José Manuel Corrales considera que el barrio de Miramar, en donde se encuentra la guardería o Escuelita de Miramar, es el gran olvidado por las administraciones públicas y entidades de crédito, sufriendo en sus carnes la desidia y la dejación más absoluta. Las instalaciones de la Escuelita se extienden en 3.000 metros cuadrados en el corazón del barrio, que albergan a 127 niños y niñas, están en perfecto estado y constituyen una infraestructura de primera calidad.
Los diferentes sectores implicados en el Centro han reiterado al Grupo Municipal de IU-XTF que si se consuma el cierre del centro se asestaría un golpe tremendo a niños de familias trabajadoras, con pocos recursos y algunas de ellas desestructuradas de la capital tinerfeña para quienes este servicio es fundamental.
Además hay que poner en valor el papel esencial que juega esta guardería para el dinamismo de la zona y específicamente para la calidad de vida de los vecinos del barrio de Miramar, y resaltar que son 17 trabajadores los que realizan sus servicios en el Centro, teniendo la mayoría más de 30 años de antigüedad.
El concejal de IU – Por Tenerife señala que es importante recordar que Santa Cruz es la capital de provincia de toda España con menor número de plazas públicas de guardería, y que si ahora se cierra la guardería más importante de la isla se producirá un golpe de muerte a la educación infantil de 0 a 5 años.

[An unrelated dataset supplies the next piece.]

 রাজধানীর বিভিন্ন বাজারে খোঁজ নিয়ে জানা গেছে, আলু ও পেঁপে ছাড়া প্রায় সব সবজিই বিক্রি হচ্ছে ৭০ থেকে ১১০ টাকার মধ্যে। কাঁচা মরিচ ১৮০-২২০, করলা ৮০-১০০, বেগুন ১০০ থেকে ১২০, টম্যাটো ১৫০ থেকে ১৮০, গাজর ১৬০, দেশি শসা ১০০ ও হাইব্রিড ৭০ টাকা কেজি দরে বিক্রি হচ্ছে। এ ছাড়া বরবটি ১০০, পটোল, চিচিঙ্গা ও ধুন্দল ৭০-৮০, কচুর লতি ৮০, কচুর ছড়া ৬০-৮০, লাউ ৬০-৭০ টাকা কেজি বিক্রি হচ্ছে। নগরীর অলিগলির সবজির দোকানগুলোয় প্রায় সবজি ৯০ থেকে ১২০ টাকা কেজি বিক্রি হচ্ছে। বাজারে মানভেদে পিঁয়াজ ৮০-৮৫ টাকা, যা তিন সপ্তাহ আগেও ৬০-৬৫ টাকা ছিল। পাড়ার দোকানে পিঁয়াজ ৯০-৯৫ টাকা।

El edil de la izquierda plural manifiesta que intentará consensuar con todos los grupos políticos municipales una declaración institucional de apoyo a esta guardería, que es en estos momentos, la más grande de la capital y de la isla.
José Manuel Corrales exige mayor implicación del gobierno municipal, aunque hayan mostrado su preocupación ante el posible cierre del centro, y que mostraran su sorpresa por la actitud de CajaCanarias con respecto a la Escuela Infantil, al tiempo que coincide en criticar que la entidad bancaria les haya pasado este problema al Ayuntamiento porque no debemos olvidar el importante papel que esta guardería juega en la conciliación de la vida familiar y personal.
Hay que resaltar que se trata de familias con bajos recursos económicos que de la noche a la mañana no saben qué van a hacer con los niños el próximo curso, máxime porque las escuelas municipales están llenas y los periodos de preinscripción se han acabado.